Philip Norman chats with FoxNews Digital about his new book, George Harrison: The Reluctant Beatle (Scribner), calling the George Harrison-Eric Clapton love triangle “like an arranged marriage.”

People shares details from Barbra Streisand’s long-awaited memoir, My Name Is Barbra (Viking).

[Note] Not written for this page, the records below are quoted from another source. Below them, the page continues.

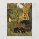 Une carte postale d'art représentant le tableau de 1906, Singes joyeux, du peintre français Henri Rousseau (1844–1910). La scène capture un paysage de jungle luxuriant où des gorilles s'étreignent au milieu des buissons, peints dans le style d'art primitif caractéristique de Rousseau.
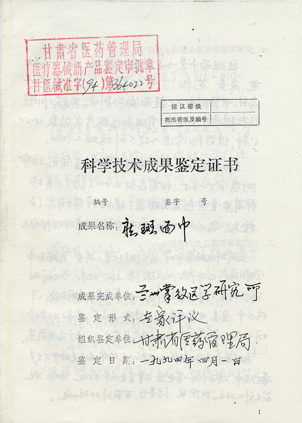1994年4月1日,“祛斑面巾”通过甘肃省医药管理局医疗器械新产品鉴定审批[甘医械准字(94)第364022号]。
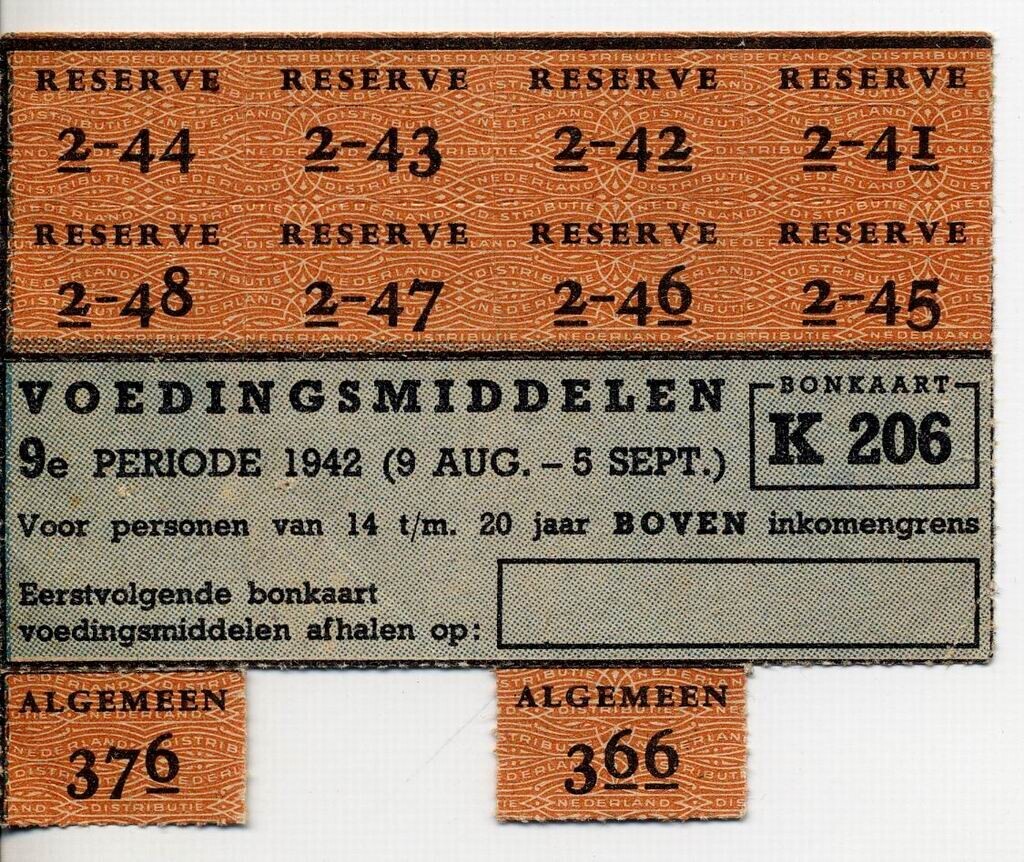 Gedeelte van een gebruikte bonkaart K 206 - Voedingsmiddelen 9e periode 1942 - (9 aug. - 5 sept.) voor personen van 4 t/m 20 jaar boven inkomengrens. - met zwarte, oranje en groene opdruk.
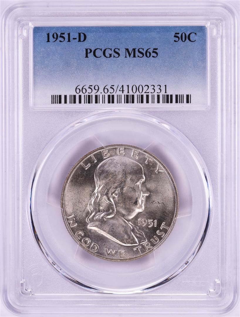 One 1951-D Franklin Half Dollar Coin PCGS MS65. PCGS Graded.
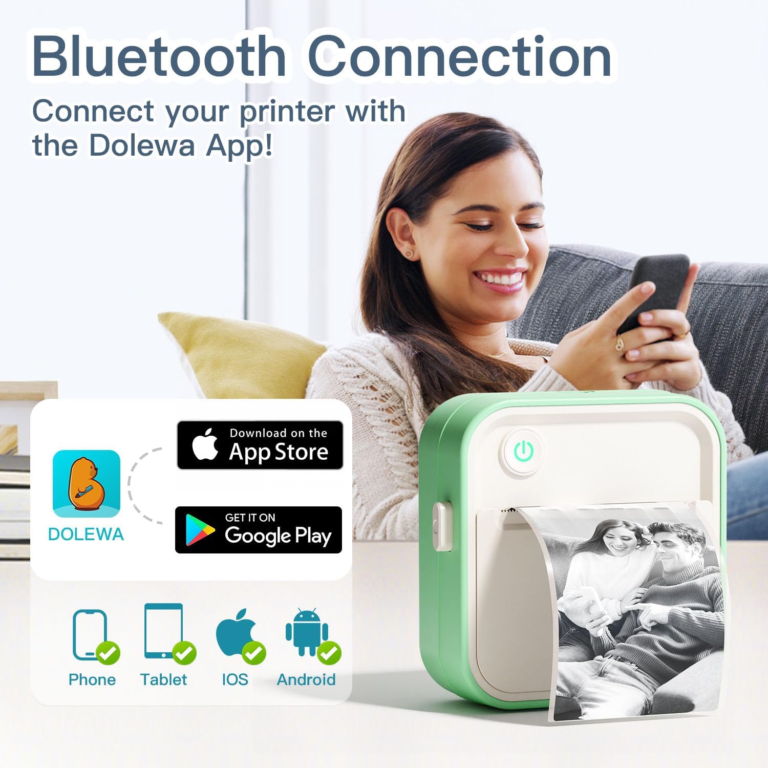 - USER-FRIENDLY: The mini pocket printer is compatible with IOS & Android phones /tablets via bluetooth connection. Fllow the steps: ①Long press for 3 seconds to turn on the portable thermal printer. ②Scan the QR code in the user manual to download the "DOLEWA" APP. ③Turn on bluetooth of your phone/tablet. ④Install the paper roll size as you need. ⑤ Connected the impresora portátil with the APP via bluetooth.⑥Start your printing
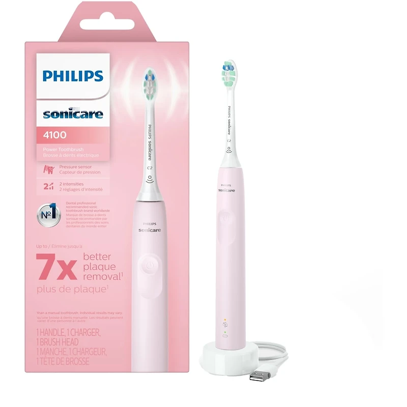 Remove plaque and experience a deep, effective clean with Sonicare technology, removing up to 5x more plaque vs. a manual toothbrush. Sonicare technology gently pulses water between your teeth, for a month's worth of manual brushing in just 2 minutes. The QuadPacer lets you know when you've spent the optimal amount of time on each section of your mouth while the SmarTimer signals when your 2 minutes is up. The pressure sensor flashes red to remind you to ease off, helping to prevent gum recession, while the 2 intensity settings ensure a comfortable clean that’s right for you. Going electric might feel like a big step, but with this brush you’re in safe hands. Its slim ergonomic design and familiar-shaped head gives you everything you need for an effective clean. The kit includes 1 Philips Sonicare 4100 electric toothbrush, 1 Optimal Plaque Control (C2) brush head and 1 charger.

Vogue shares 5 takeaways from Erotic Vagrancy: Everything About Richard Burton and Elizabeth Taylor by Roger Lewis (Mobius).

PopSugar has details about Megan Fox’s new book of poetry, Pretty Boys Are Poisonous (Gallery), out now. People has an interview with Fox.

People highlights the new book CBK: Carolyn Bessette Kennedy: A Life in Fashion by Sunita Kumar Nair (Abrams) and shares an excerpt.

At CrimeReads, author Lee Goldberg writes about Westerns and crime novels and “writing a genre mash-up.”

BBC looks at two new reimaginings of George Orwell’s classic books.

Entertainment Weekly shares an excerpt from Stephen King’s forthcoming story collection, You Like It Darker, due out from Scribner in May.

LitHub suggests 24 new releases

BookRiot highlights new books for the week

Tor shares “All the New Fantasy Books Arriving in November.”

BookRiot has 10 read-alikes for David Grann’s Killers of the Flower Moon: The Osage Murders and the Birth of the FBI

Authors on Air

Sigrid Nunez discusses her 9th and latest novel The Vulnerables (Riverhead) with NPR’s Morning Edition

Vulture lists “All the Books With 2023 Screen Adaptations.”